[Source records]
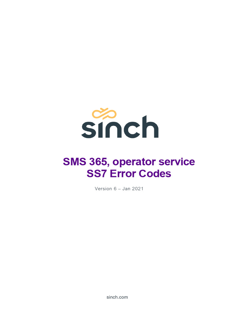 SMS 365, operator service SS7 Error Codes – Version No. 6
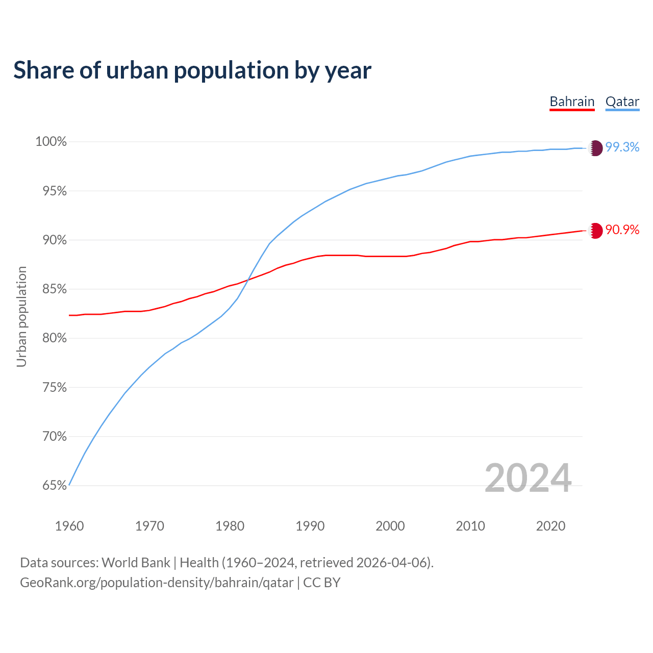 From 2004 to 2024, the share of urban population changed from 88.6% to 90.9% in Bahrain and from 97% to 99.3% in Qatar.
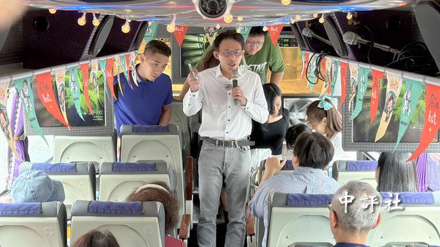 黃國昌在新北歡唱巴士上與長輩互動、高歌。(中評社 鄭羿菲攝)
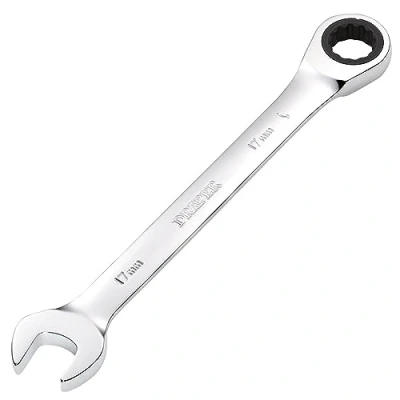 General description This is a Draper 17mm Metric Ratcheting Combination Spanner, designed for both tightening and loosening nuts and bolts. It features a blue finish and is made from durable chrome vanadium steel. Technical specifications Length: 8230 mm Size: 17 mm Open end angle: 15° Ratcheting mechanism: 72 teeth Material: Chrome vanadium steel Finish: Chrome plated Compatibility and accessories Suitable for use with standard 17 mm fasteners Installation No installation required; ready to use out of the box Usage Designed for tightening and loosening nuts and bolts Ratcheting mechanism allows for efficient operation in tight spaces Other information Display packed for easy storage and display
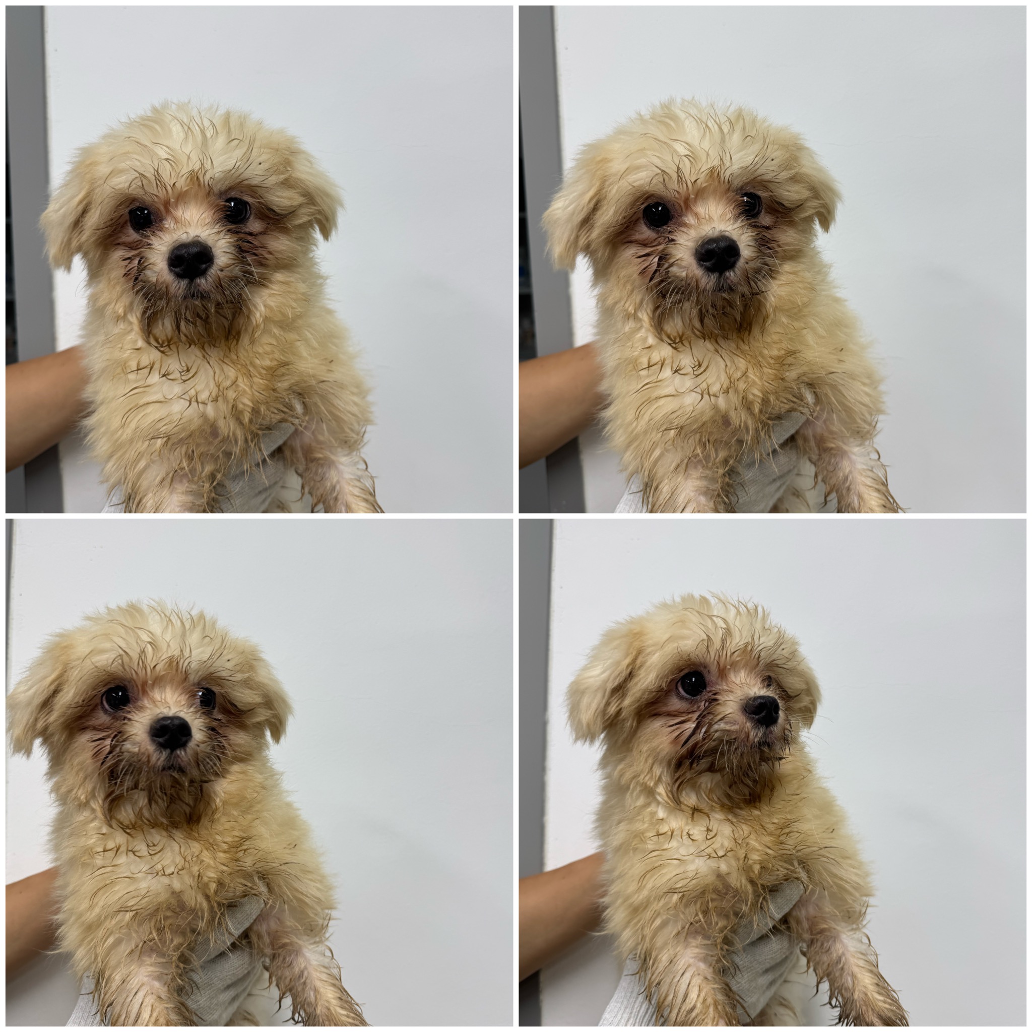 2.5개월령 추정의 귀여운 아기 강아지, 옴 피부병 치료중
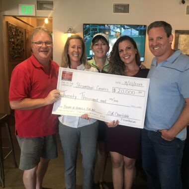 Featured in the photo left to right: Kathy and Scott Schroeder (homeowners), Olivia Kimmeth (Olivia’s Home Furnishings), Robin Campbell (Interior Designer) and Marc Fraioli (Affordable Home and Lawncare).
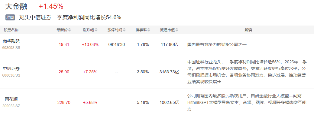 大金融板块今日异动,南华期货涨停,中信证券大涨逾7%,哈投股份一度摸板,人气股银之杰盘中涨超10%。
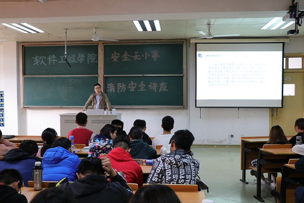 路昭亮老师从“燃烧条件以及灭火基本原理”、“火灾预防的注意事项”、“常见消防设施的性能及使用”、“火灾报警及逃生注意事项”四方面详细讲解了如何做好消防安全工作。同时,他还强调教学楼、宿舍日常生活等方面的安全隐患地方,同学们需要提高自己的安全意识以及自救逃生能力。
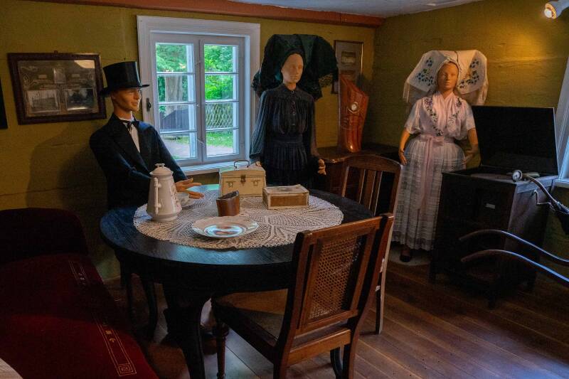 Man kann die original eingerichteten Stuben, wie man im 19. und 20. Jh. auf dem Lande lebte, begutachten
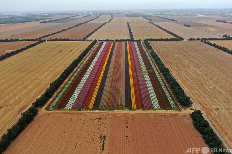 【4月29日 AFP】イスラエル南部、パレスチナ自治区ガザ地区(Gaza Strip)との境界に近いキブツ(農業共同体)「ニルイツハク(Nir Yitzhak)」で先週、ラナンキュラスが見頃を迎えた。兵士や家族らが花を摘んだりして楽しむ様子がみられた。(c)AFP

- [WHAT YOU WILL DO]: Copy only the lines above from the one containing "Featured in the" through the one containing "Man kann die", both included. Leave out the pictures.

- [RESPONSE BELOW]:
 Featured in the photo left to right: Kathy and Scott Schroeder (homeowners), Olivia Kimmeth (Olivia’s Home Furnishings), Robin Campbell (Interior Designer) and Marc Fraioli (Affordable Home and Lawncare).
 大金融板块今日异动,南华期货涨停,中信证券大涨逾7%,哈投股份一度摸板,人气股银之杰盘中涨超10%。
 路昭亮老师从“燃烧条件以及灭火基本原理”、“火灾预防的注意事项”、“常见消防设施的性能及使用”、“火灾报警及逃生注意事项”四方面详细讲解了如何做好消防安全工作。同时,他还强调教学楼、宿舍日常生活等方面的安全隐患地方,同学们需要提高自己的安全意识以及自救逃生能力。
 Man kann die original eingerichteten Stuben, wie man im 19. und 20. Jh. auf dem Lande lebte, begutachten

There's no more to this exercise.